IC-BK08seの右側にはタッチパッドが搭載されている。サイズは横55×縦45mm程度で、タッチパッドとしては小さめ。下にはマウスの左右ボタンにあたるボタンもある。

 使用前は「このタッチパッド、ハズレだったらキーボード右側が余分なスペースってことになって、なんか超モヤモヤしそうだよな?」とか思っていた。「タッチパッドなしにしてよりコンパクトな製品にしてほしかった、とか原稿に書くことになるのだろうか?」とも。

 だが使ったらいきなり快適。サイズがやや小さいので、MacBookのタッチパッドのような超絶的使いやすさはないものの、「これならマウス代わりになる」と思えるくらい便利なのであった。

IC-BK08seとiPad Proを組み合わせて使っている様子。タッチパッドを使うと、iPad Proの画面に触れる必要が大幅に減る。

 タッチパッドは小さめだが、ポインターの追従性はなかなか良好。iPadの操作全てがタッチパッドで行えるわけではなく、必要に応じて手でタッチしての操作をすることになる。
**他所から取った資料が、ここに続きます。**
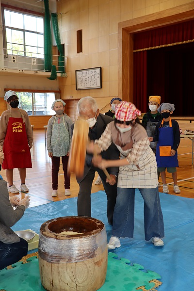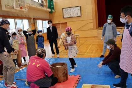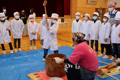 大中小の中から自分に合う杵を選び、臼の中心をねらって餅をつきました。
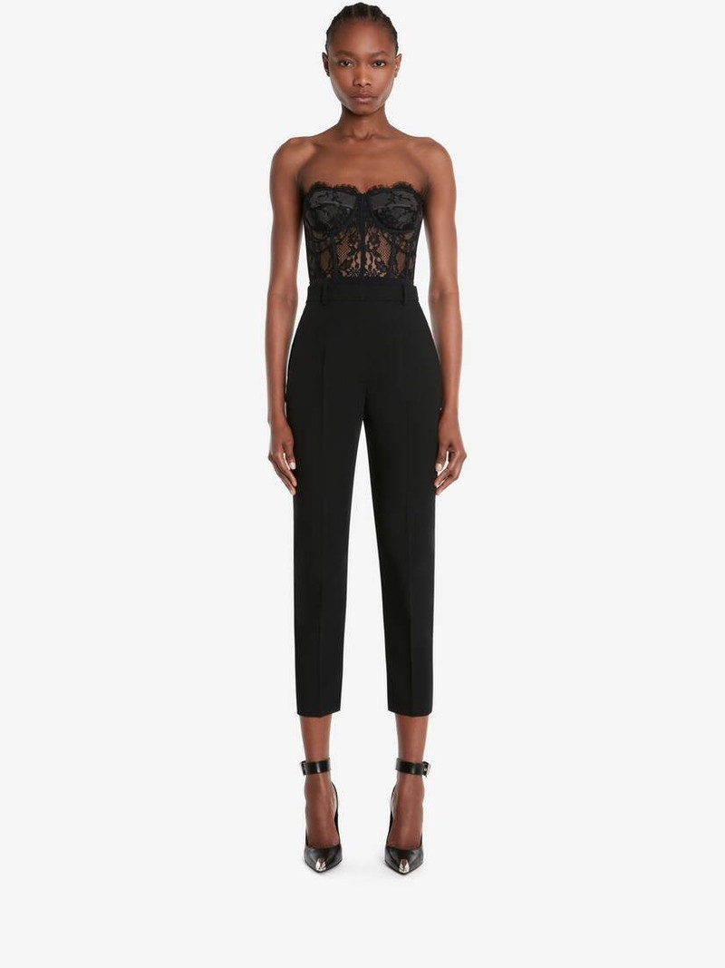 Explore the cutting-edge style of Alexander McQueen pants, a standout feature in our exclusive lineup of women's clothing. Each pair of pants from Alexander McQueen showcases a blend of bold innovation and sophisticated craftsmanship, ideal for the modern woman who values both aesthetic and functionality.
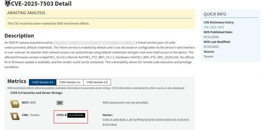 这么问的原因是因为,最近我们知危编辑部关注到一个新的 CVE ( 常见漏洞和暴露 )漏洞 ,影响的是某款还挺热门 IP 的摄像头,这个漏洞的威胁评级甚至达到了满分 10 分。
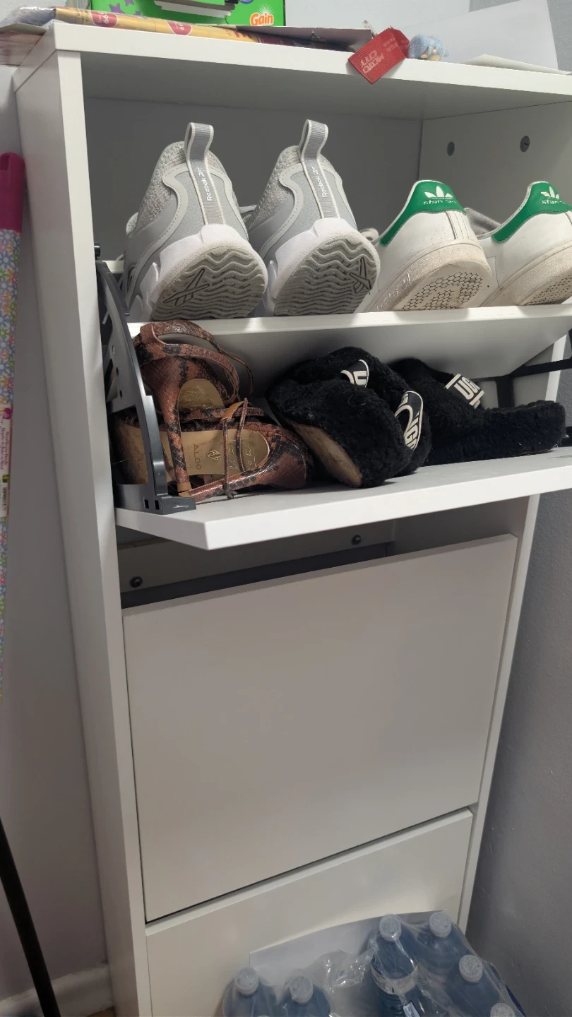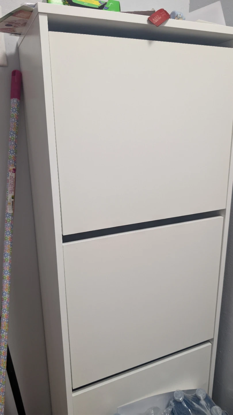 A white shoe cabinet with three tilt-out drawers for storing footwear. It's a tall, narrow unit perfect for hallways or closets. This cabinet can hold several pairs of shoes, keeping them tidy and out of sight. You can drill it against the wall
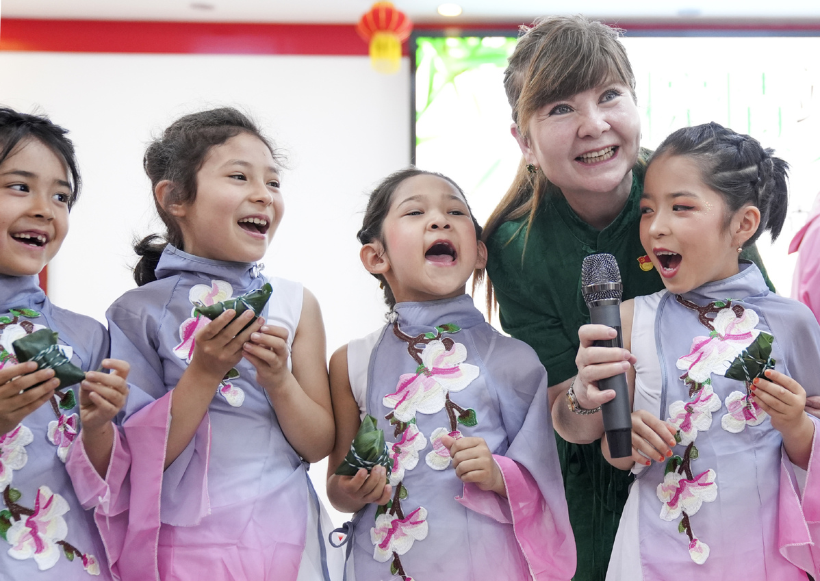 Children learn about the Dragon Boat Festival in Urumqi, Xinjiang Uygur autonomous region, on July 6, 2024. [Photo/Xinhua]

だがやはり、「iPadのかなりの操作をタッチパッド(やマウス)でできて便利だなぁ」と思うのであった。前述のとおり、タッチパッド(やマウス)を使うと、手が画面表示を遮らず、より正確な操作ができることが多く、画面が指紋で汚れることが減る。

 それと、手に持っていない状態のiPadを指で操作すると、けっこう不安定。やや強くタップしたりすると向こうに倒れそうになったり。タッチパッドを使うとそういう不安定さはないので、このキーボードを使うと「まずはタッチパッドでiPad操作」という気分になる。というわけで、IC-BK08seを使い始めてから、このタッチパッドをスゲく多用しているのであった。便利。好都合。ナイス。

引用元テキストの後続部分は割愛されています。